## WHAT TO DO:
For the records below, print the lines from the line with "卓球のTリーグ 2022-2023シーズン 登録完了選手(2022年5月8日付)" through the line with "Shot Put for" exactly as written; include both end lines and exclude the rest.

## PROVIDED DATA:
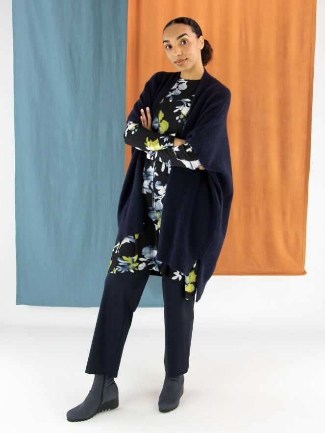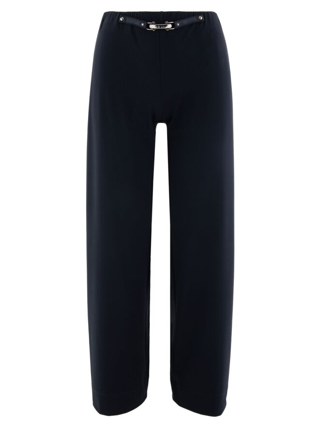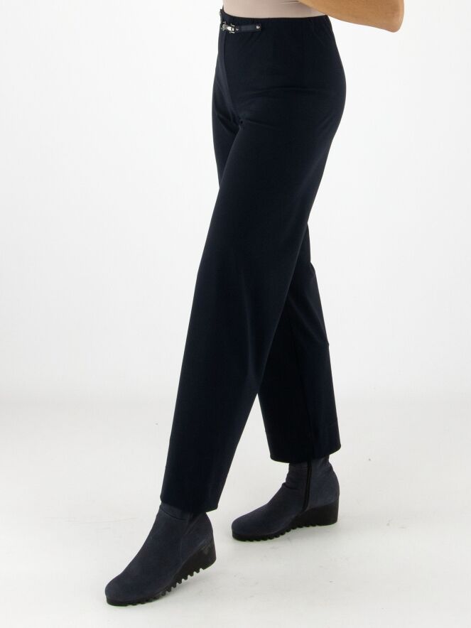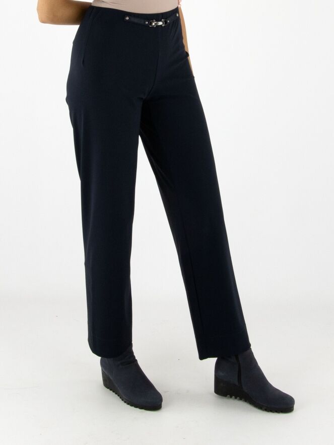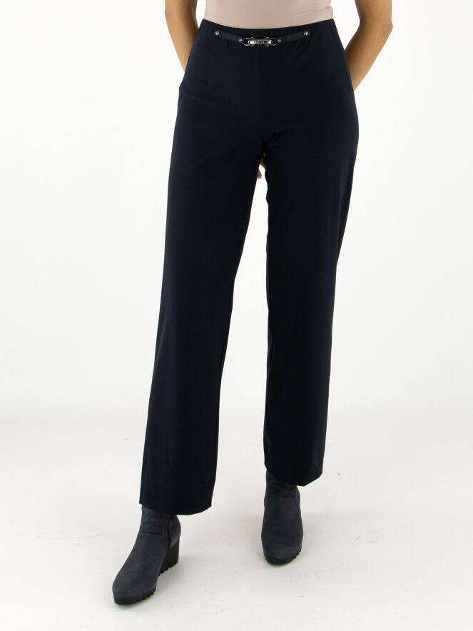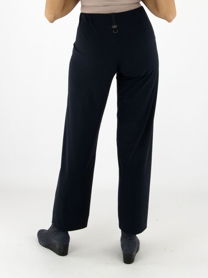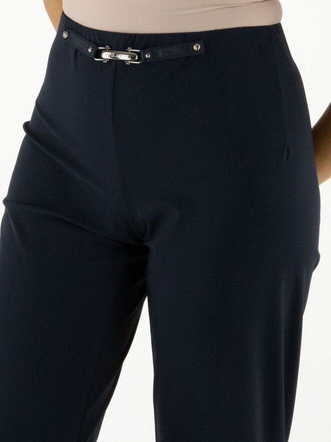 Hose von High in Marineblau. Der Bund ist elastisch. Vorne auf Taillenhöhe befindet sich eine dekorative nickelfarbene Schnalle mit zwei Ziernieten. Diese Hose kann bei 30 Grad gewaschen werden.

--

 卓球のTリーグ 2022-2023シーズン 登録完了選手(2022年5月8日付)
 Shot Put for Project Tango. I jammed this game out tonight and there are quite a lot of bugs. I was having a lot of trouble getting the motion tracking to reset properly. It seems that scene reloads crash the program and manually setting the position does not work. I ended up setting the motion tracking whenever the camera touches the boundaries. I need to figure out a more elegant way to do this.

## FINISHED TASK:
 卓球のTリーグ 2022-2023シーズン 登録完了選手(2022年5月8日付)
 Shot Put for Project Tango. I jammed this game out tonight and there are quite a lot of bugs. I was having a lot of trouble getting the motion tracking to reset properly. It seems that scene reloads crash the program and manually setting the position does not work. I ended up setting the motion tracking whenever the camera touches the boundaries. I need to figure out a more elegant way to do this.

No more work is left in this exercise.